GlobalIndirectSymbol doesn't mean to be an alias. GlobalIFunc doesn't inherit from GlobalAliases that would be wrong.

As far as I can tell, GlobalIndirectSymbol is there to share code between GlobalAlias and GlobalIFunc.
This shared code is mostly a common getBaseObject() implementation, which just delegates to getIndirectSymbol() (== getOperand(0)).
For GlobalAliases, the indirect symbol is the aliasee. For GlobalIFuncs, the indirect symbol is the resolver function.

You said that for GlobalIFuncs the resolver function shouldn't be the base object. It makes sense to me, because the signature of the resolver is different from the signature of the fptr that it's supposed to return.
BUT this means that the getBaseObject() implementation that GlobalIFunc inherits from GlobalIndirectSymbol is wrong for GlobalIFunc.
The getBaseObject() code sharing between GlobalAlias and GlobalIFunc looks like the only purpose of GlobalIndirectSymbol, and it's wrong for one of the classes (or so we claim). That's why I don't understand why GlobalIndirectSymbol should exist at all

How do we want to proceed, then? Does my analysis make sense?

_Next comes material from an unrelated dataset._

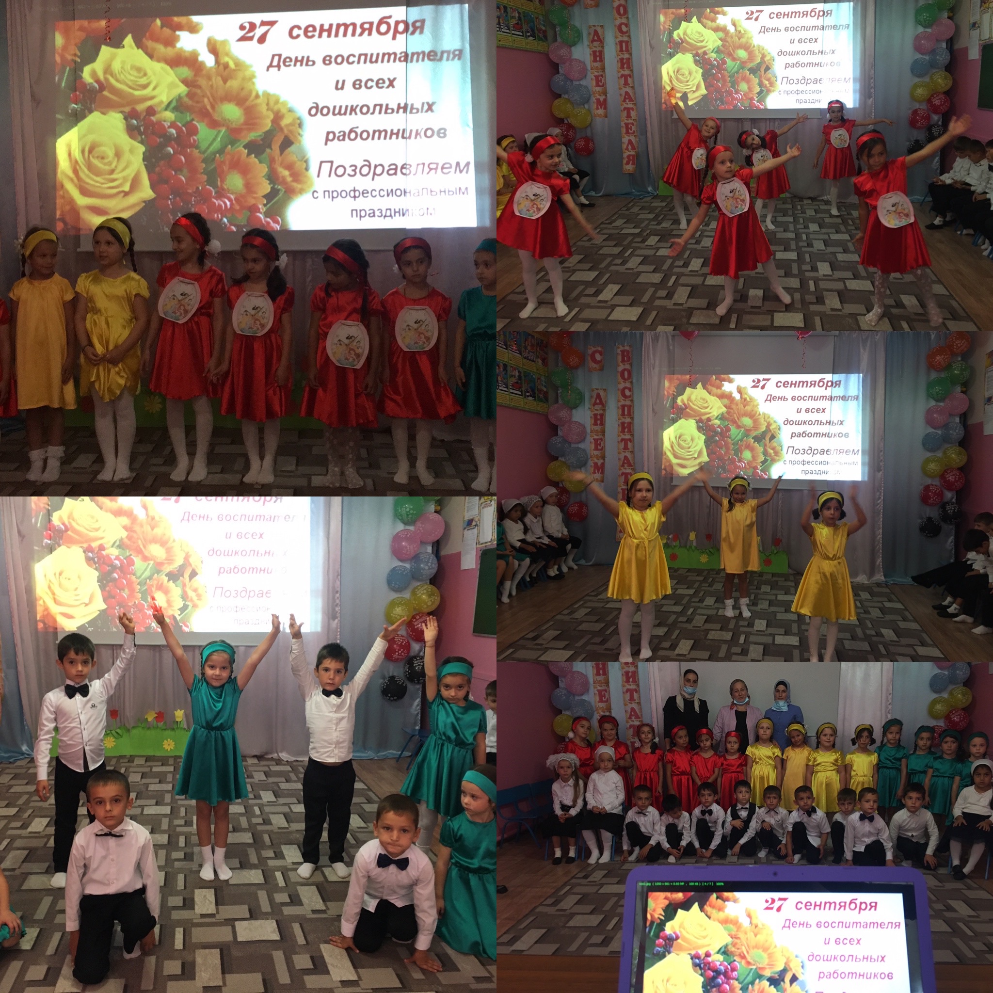 24 сентября в детском саду прошёл конкурс рисунков «Моя воспитательница», 26 сентября - в старшей группе "Радуга" и средней группе "Зайчата" провели мероприятие ко Дню дошкольного работника. Дети пели песни, танцевали, читали стихи о любимых воспитателях и нянях, о заведующей, о поваре , о медсестре и других работников детского сада. Все номера были яркие, интересные и красивые.

getBaseObject is only small part of code sharing, the majority of the code is outside the class in common code that handles both GlobalIFunc and GlobalAliases in the same way. Here they should be treated differently so, IMHO, there is no need in changing the inheritance but GlobalIFunc should be handles as a special case here.

llvm/lib/IR/Globals.cpp
448 ↗(On Diff #271316)

return GI; should work here I think.

DmitryPolukhin added inline comments.Jul 7 2020, 12:38 PM
llvm/lib/IR/Globals.cpp
448 ↗(On Diff #271316)

Nope, it doesn't just from types point of view. But IFunc should be treated as an object itself.

I did a bit of archeology and it turns out that getBaseObejct was part of moved from GlobalAlias to GlobalIndirectSymbol in https://github.com/llvm/llvm-project/commit/95549497ec8b5269f0439f12859537b7371b7c90
It looks like the simplest solution is to handle nullptr from getBaseObejct in computeAliasSummary...

I did a bit of archeology and it turns out that getBaseObejct was part of moved from GlobalAlias to GlobalIndirectSymbol in https://github.com/llvm/llvm-project/commit/95549497ec8b5269f0439f12859537b7371b7c90
It looks like the simplest solution is to handle nullptr from getBaseObejct in computeAliasSummary...

Doesn't that mean that getBaseObject is given two contradictory meanings, then?
On the one hand, from what you say, the base object should be able to "act in place of the enclosing object" => GlobalIFunc::getBaseObject() should return itself, since the resolver doesn't substitute for the symbol it's supposed to resolve.
On the other hand, from the expectations of code like DCE and SplitModule (in the commit you linked), the base object should tell you that these objects are "linked together" in some respect => GlobalIFunc::getBaseObject() should return the resolver, since they are 'inseparable' in that respect.

From a types point of view, either of the two restores the idempotence getBaseObject().

But as far as this PR is concerned:

  • Without this PR's changes, if you have Alias-to-IFunc, getBaseObject() on the Alias returns nullptr and getBaseObject() on the IFunc returns the resolver.
  • If we put "return GI;" in findBaseObject(), getBaseObject() for the Alias returns the IFunc, but getBaseObject() on the IFunc returns the resolver.

Both cases are not idempotent :\

I don't understand what do you mean by "not idempotent" behavior in this case. As far as I can see GlobalIFunc doesn't implement own getBaseObject (and it is not virtual) so calling getBaseObject on the IFunc should return null same as calling it on Alias-to-IFunc. Calling getbaseObject on Alias-to-IFunc will recursively call it on IFunc that will return null that will be propagated, isn't it? So in my opinion computeAliasSummary should handle null without crash because other places have checks for null returned from getBaseObject.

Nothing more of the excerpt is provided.